Bir gün saray nazırı, Kutbüddin Bahtiyar Kaki hazretlerinin “rahmetullahi aleyh” huzuruna gelerek;
- Ey efendim, falan falan köylerin bütün gelirlerini, izninizle size bağlamak istiyoruz, dedi. Siz de talebenize sarf edersiniz.
Ancak kabul etmedi büyük Veli.
Nazır şaşırdı:
- Neden istemiyorsunuz efendim?
- İhtiyacım yok da ondan.
- Olur mu hocam, para herkese lazımdır.
O zaman mecbur kalıp;
- Ey nazır! Oturduğun halının ucunu az kaldır, buyurdu.
Kaldırınca, hayretten gözleri faltaşı gibi açıldı nazırın.
Zira halının altında nehir gibi altın akıyordu.
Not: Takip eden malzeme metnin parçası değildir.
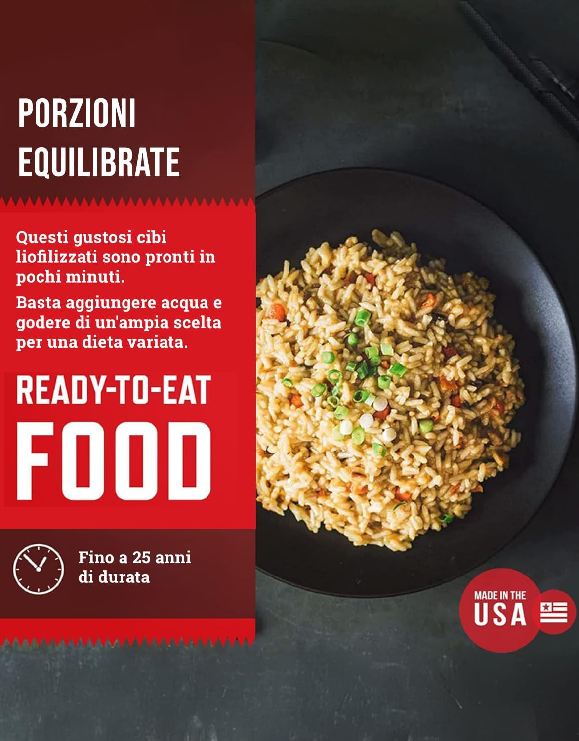 - SIATE PRONTI: dal razionamento del cibo di emergenza all'escursionismo e al campeggio, il nostro cibo a lunga conservazione è a vostra disposizione.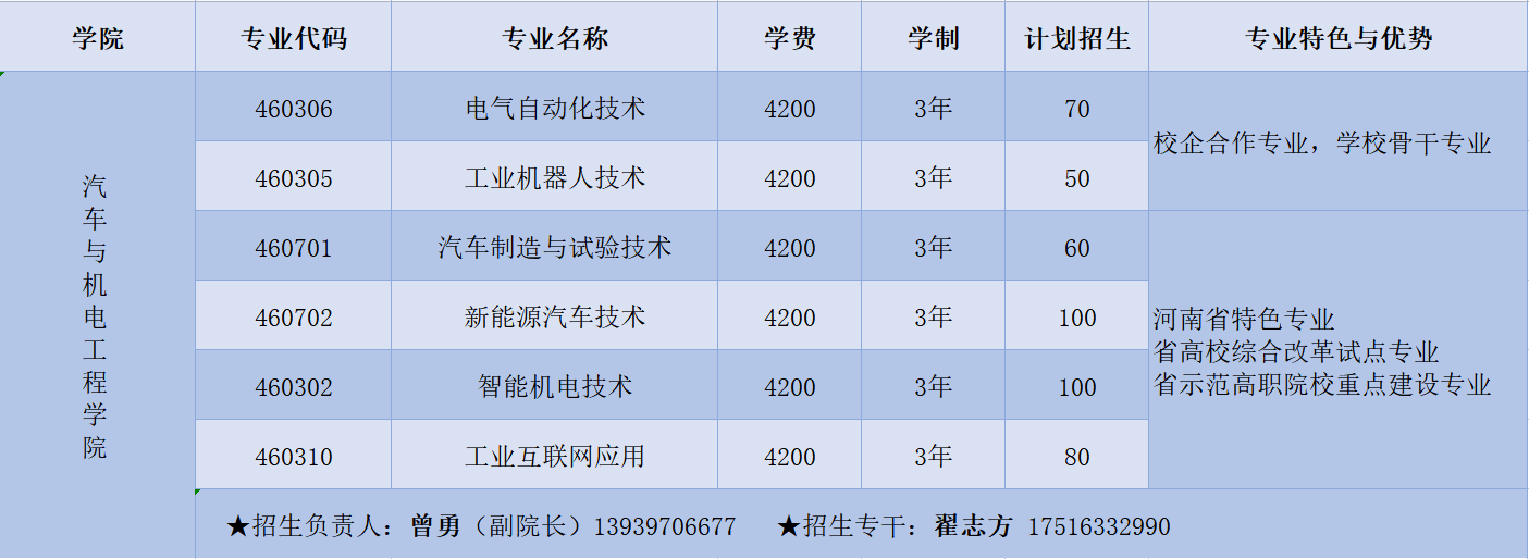 我院2023年高招专业目录

Kutbüddin hazretleri “rahmetullahi aleyh”;
- Biz, bunu bile istemezken, o dediğin köylere mi iltifat edeceğiz? buyurdu. Haydi şimdi gidin de bir daha böyle bir teklifle gelmeyin karşımıza!
Vezir mahcup olmuştu.
- Peki efendim, dedi.
Başı önünde ayrıldı huzurdan.
Gördüklerini, gidip anlattı sultana.
Sultan, o günden sonra daha çok kıymet verdi bu Allah dostuna.
Hayır, alamam!
Bir gün de Kutbüddin Bahtiyar Kaki hazretlerine biri bir hediye getirip arzetmişti.
Ancak O, reddedip;
- Alamam, buyurdu.
Israr etti adam.
- Hayır, ısrar etme, buyurdu.
Çok şaşırdı:
- Niçin almıyorsunuz efendim?
- Bizim büyüklerimiz, kimseden bir menfaat kabul etmediler ki, ben de alayım.
Ve ekledi:
- Eğer kabul edersem, yarın, mahşer gününde, büyüklerimizin önünde mahcub olmaz mıyım?
O kimse mahcub olup;
- Haklısınız, dedi.
Ve getirdiği o şeyi alıp geri gitti.